Im Jahre 2003 wurde Ewald Kooiman von der niederländischen Königin zum Ritter des Ordens “Orde van de Nederlandse Leeuw” ernannt.
2005 hat die Stadt Haarlem ihn mit ihrer Ehrenmünze geehrt wegen seiner Verdiensten als Konzertorganist und als langjähriger Vorsitzender des berühmten Internationalen Orgelfestivals Haarlem.
Tomasz Adam Nowak wurde 1962 in Warschau geboren. Nach seinem Studium an der Frédéric-Chopin-Hochschule und dessen Abschluß 1987 in den Fächern Orgel und Improvisation mit Auszeichnung erfuhr er weitere organistische Ausbildung bei Franz Lehrndorfer in München, Marie-Claire Alain in Paris und Ewald Kooiman in Amsterdam. Ein Kirchenmusikstudium an der Folkwang-Hochschule in Essen rundete seine Ausbildung ab. Nowak ist Preisträger internationaler Orgelwettbewerbe, u.a. Sieger im Haarlemer Improvisationswettbewerb. Er spielt zahlreiche Konzerte, Rundfunk- und Tonträgeraufnahmen im In- und Ausland. Heute ist er Professor für Orgel und Improvisation an der Hochschule für Musik Detmold und Organist der Stadt- und Marktkirche St. Lamberti in Münster.
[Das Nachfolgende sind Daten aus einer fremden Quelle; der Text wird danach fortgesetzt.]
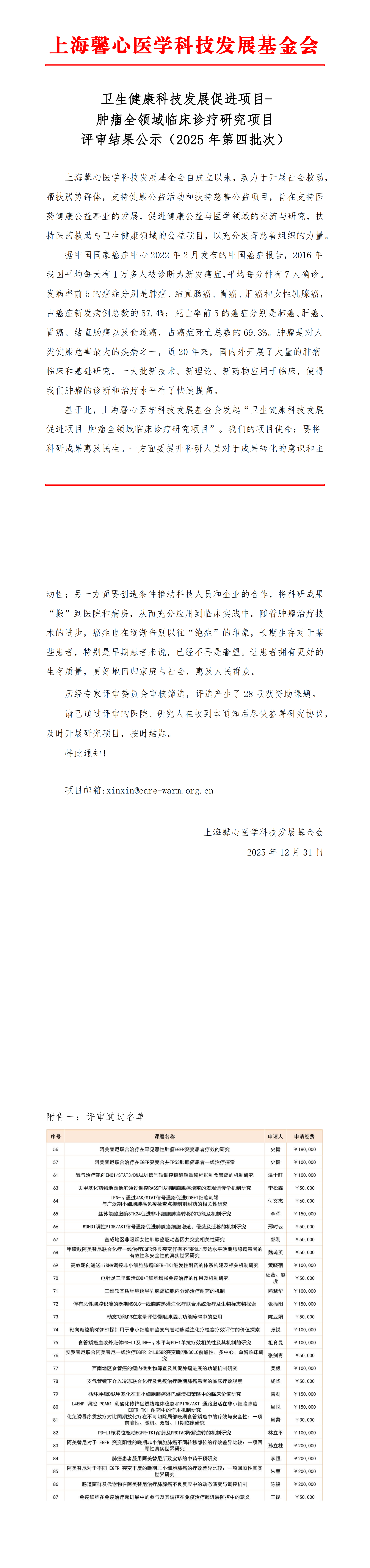 卫生健康科技发展促进项目—肿瘤全领域临床诊疗研究项目评审结果公示(2025年第四批次)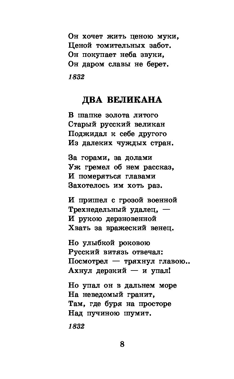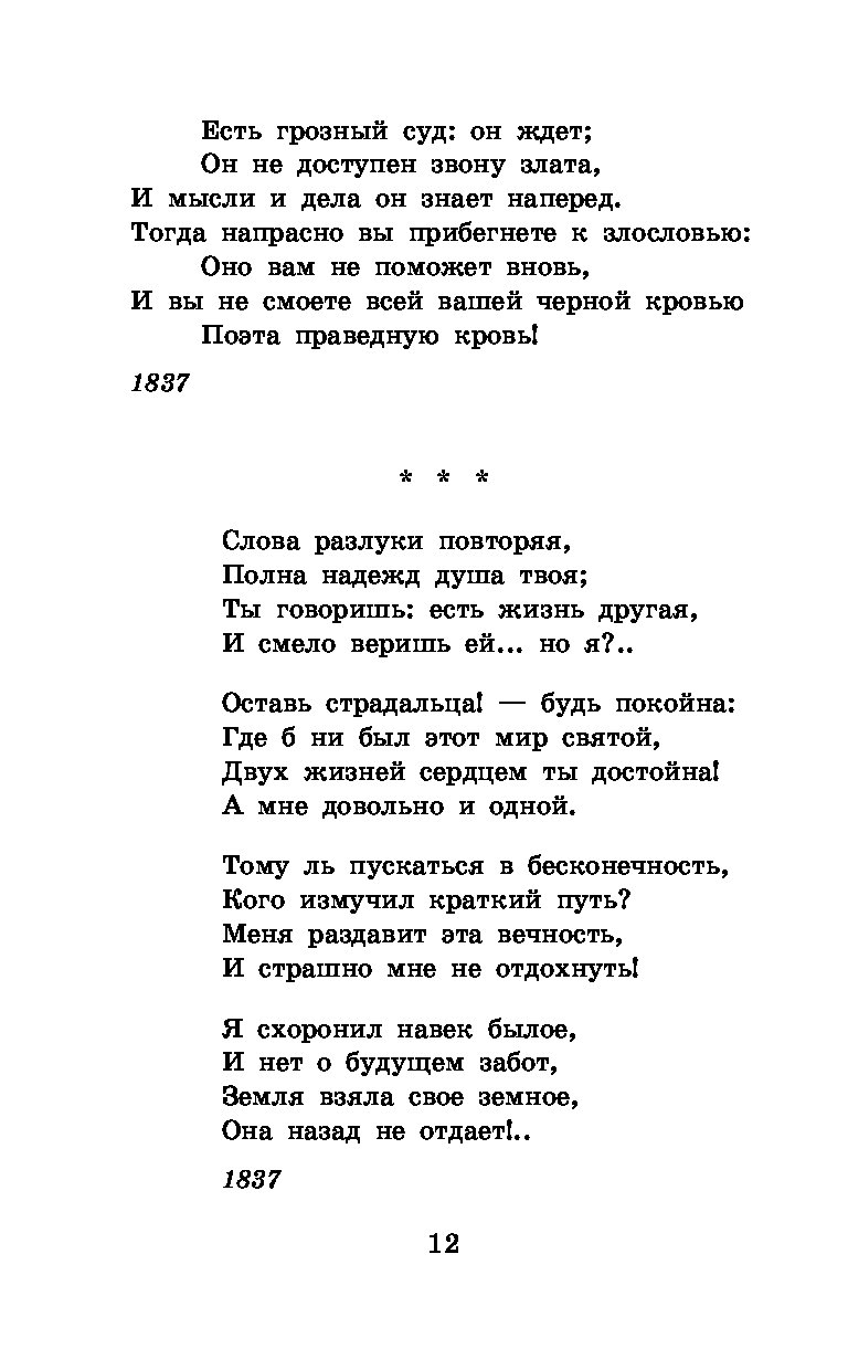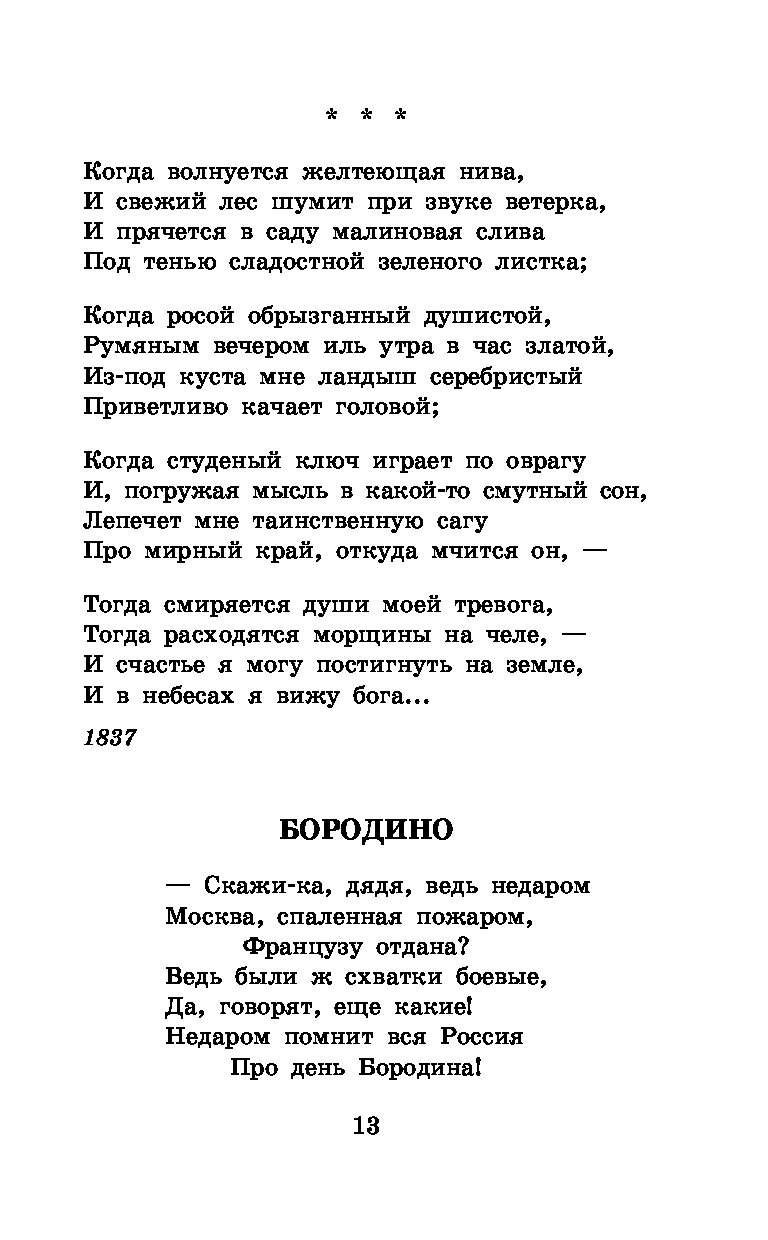 Все, что создано поэтом за короткую жизнь – это подвиг во имя свободы и Родины. И заключается он не только в прославлении бородинской победы («Бородино», 1837), в строках «Люблю отчизну я…» («Родина», 1841), но и в тех сочинениях, где говорится о судьбе поколения, о назначении поэта, об одиноком узнике, об изгнании, о пустоте жизни.

Er leitet Meisterkursen in Deutschland (z.B. die Altenberger Orgelakademie), Polen, und den USA.
Gisbert Schneider wurde 1934 in Wattenscheid geboren. Er wuchs in Weimar auf, wo er seinen ersten Orgelunterricht erhielt. An der Folkwang Hochschule Essen absolvierte er ein Kirchenmusik- und Kapellmeisterstudium und wurde nach verschiedenen Karriereschritten als Organist und Kantor in Velbert und in Mülheim/Ruhr 1970 Professor für künstlerisches Orgelspiel und Improvisation an der Folkwang Hochschule. 1954 gründete er die Kantorei Velbert, die er bis heute leitet. Seit 1999 ist er emeritiert, lehrt aber weiterhin im Institut für Kirchenmusik und Musikwissenschaft und konzertiert als Solist in vielen Ländern Europas. Er ist Preisträger internationaler Orgelwettbewerbe und des Förderpreises des Landes NRW. 1996 bekam er das Bundesverdienstkreuzes verliehen.